Dia melanjutkan dengan mengatakan: Ini menunjukkan tingkat arogansi, Zionisme, rasisme dan intimidasi yang lebih tinggi di antara Trump dan calon tim pemerintahannya. Dan ketika Netanyahu adalah orang pertama yang memberi selamat kepada kandidat yang menang, dan bergembira atas “kebangkitan terbesar dalam sejarah,” hal ini merupakan bukti dari aliansi yang akan segera diperbarui antara keduanya, yang berteman, dalam mengejar opsi yang paling ekstremis. pembunuhan. masalah Palestina dan mengubahnya menjadi urusan investasi, seperti yang mereka coba dalam rencana yang diumumkan oleh Trump Sebuah “kesepakatan” untuk perdamaian di wilayah tersebut.

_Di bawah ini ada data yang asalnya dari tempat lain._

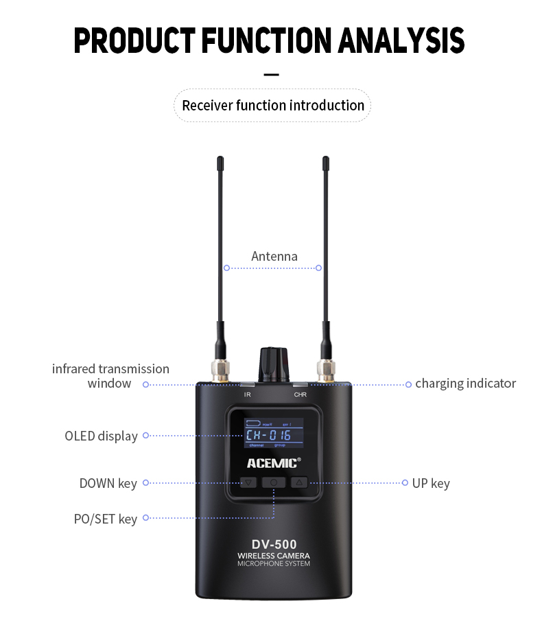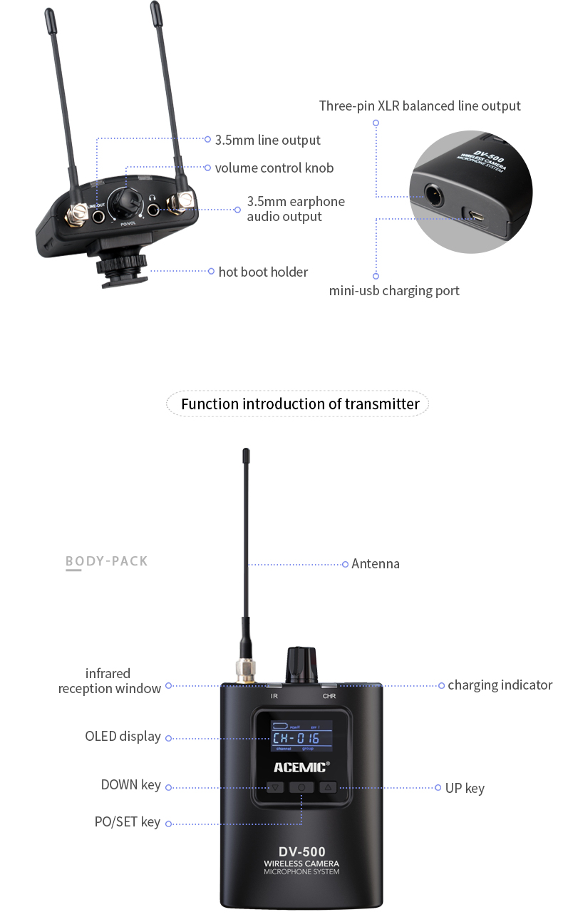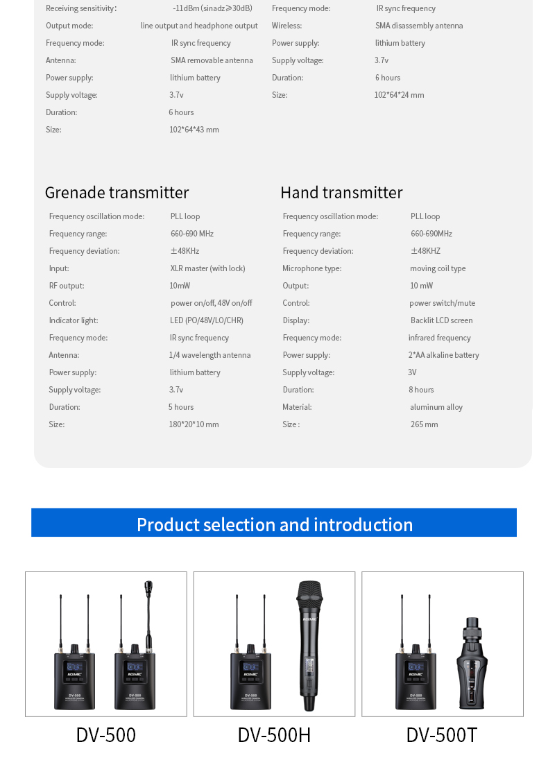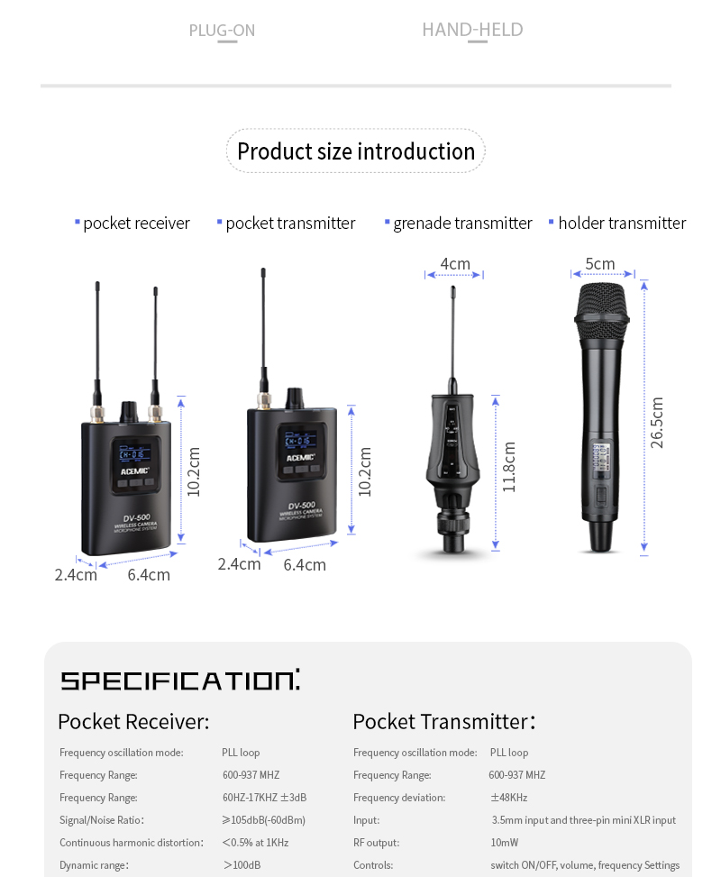 SpecificationsFrequency Range: UHF 600-937 MHz (region dependent)(606-630 MHz Optional), (USA: 902-928, UK: 863-865, ROK: 925-937 MHz)Body-pack ReceiverFrequency Preparation:PLL Synthesized ControlFrequency Range:UHF 660-690MHz (USA: 902-928MHz)Frequency Response:60Hz-17KHz+/-3dBS/N Ratio:≥105dBT.H.D:<0.5% at 1KHzDynamic Range:>100dBChannels:100Receive Sensitivity:-11dBm (sinad≥30dB)Output:3.5mm line out and earphone outControls:Power ON//OFF, Volume, SET frequencyInterface:InfraredAntenna:SMA Detachable antennaPower Supply:Lithium batteryOperating Voltage:3.7VOperating time:6hDimensions( L*W*H):102*64*43mmBody-pack TransmitterFrequency Preparation:PLL Synthesized ControlFrequency Range: UHF 660-690 MHz
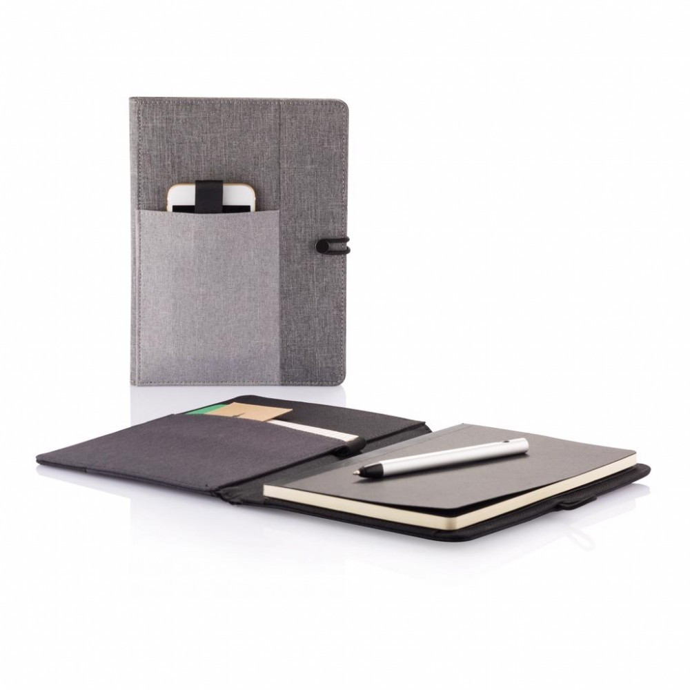 Agenda A5 cu buzunar pentru telefon si pix, 128 pagini, XD, KO, poliester, negru

Al-Biyari mencatat bahwa presiden baru telah mengumumkan ketidakpuasannya terhadap ukuran Israel yang kecil.
Dia mengakhiri pidatonya dengan mengatakan: Kisah hukuman terhadap orang Arab dan Muslim Amerika, Kamala Harris, sudah berakhir. Sebelum kita, ia menjadi orang yang ceroboh, ekstremisme, populisme, permusuhan terhadap pers dan kebebasannya, serta menyukai para tiran dan diktator. Pertanyaan di belakang kami adalah mengapa seorang wanita yang mengatakan hal-hal baik di luar satu isu tidak berhasil, dan kami melihat bahwa, memang benar, hal itu tidak seburuk para pesaingnya. Kami memiliki Donald Trump. Nama ini cukup menimbulkan badai kecemasan dan antisipasi yang melanda kita. …Ya ampun.